# REQUIREMENT
Please restate all of the records word for word, setting the pictures aside.

:::::

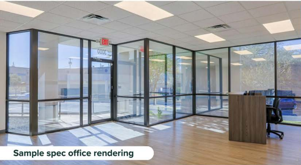
Sample spec office rendering
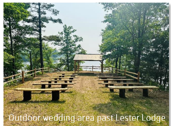
Outdoor wedding area past Lester Lodge
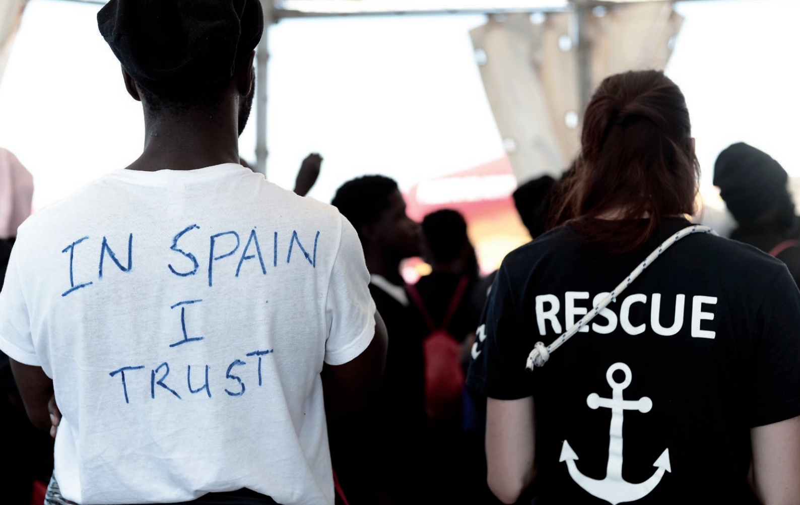
People rescued by the Aquarius disembark in Valencia.

In the current atmosphere of rising anti-immigration discourse, the Government of Spain must provide a clear, firm voice in defence of refugees' and migrants' right to asylum on the European and international level, inspired by the Global Compacts approved by the United Nations in December 2018 and by the agendas for development, climate change and women. This is more necessary and urgent than ever because, according to UNHCR, in June 2018 there were over 70 million forcibly displaced people on the five continents. Syria, South Sudan, Afghanistan, Venezuela, Central America, the Democratic Republic of the Congo and others continue to be the backdrop to armed conflict and serious political and human crises that force many of their inhabitants into exile. [...]
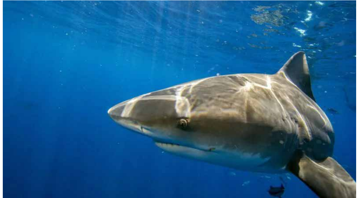
Bull sharks are most often found in shallow waters along tropical coastlines (file image).
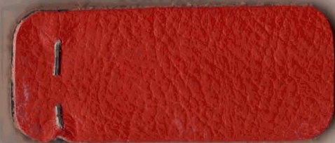
VERMILLION . BLUE . BLACK (with contrasting piping)

:::::

# SOLVED EXERCISE
Sample spec office rendering
Outdoor wedding area past Lester Lodge
People rescued by the Aquarius disembark in Valencia.

In the current atmosphere of rising anti-immigration discourse, the Government of Spain must provide a clear, firm voice in defence of refugees' and migrants' right to asylum on the European and international level, inspired by the Global Compacts approved by the United Nations in December 2018 and by the agendas for development, climate change and women. This is more necessary and urgent than ever because, according to UNHCR, in June 2018 there were over 70 million forcibly displaced people on the five continents. Syria, South Sudan, Afghanistan, Venezuela, Central America, the Democratic Republic of the Congo and others continue to be the backdrop to armed conflict and serious political and human crises that force many of their inhabitants into exile. [...]
Bull sharks are most often found in shallow waters along tropical coastlines (file image).
VERMILLION . BLUE . BLACK (with contrasting piping)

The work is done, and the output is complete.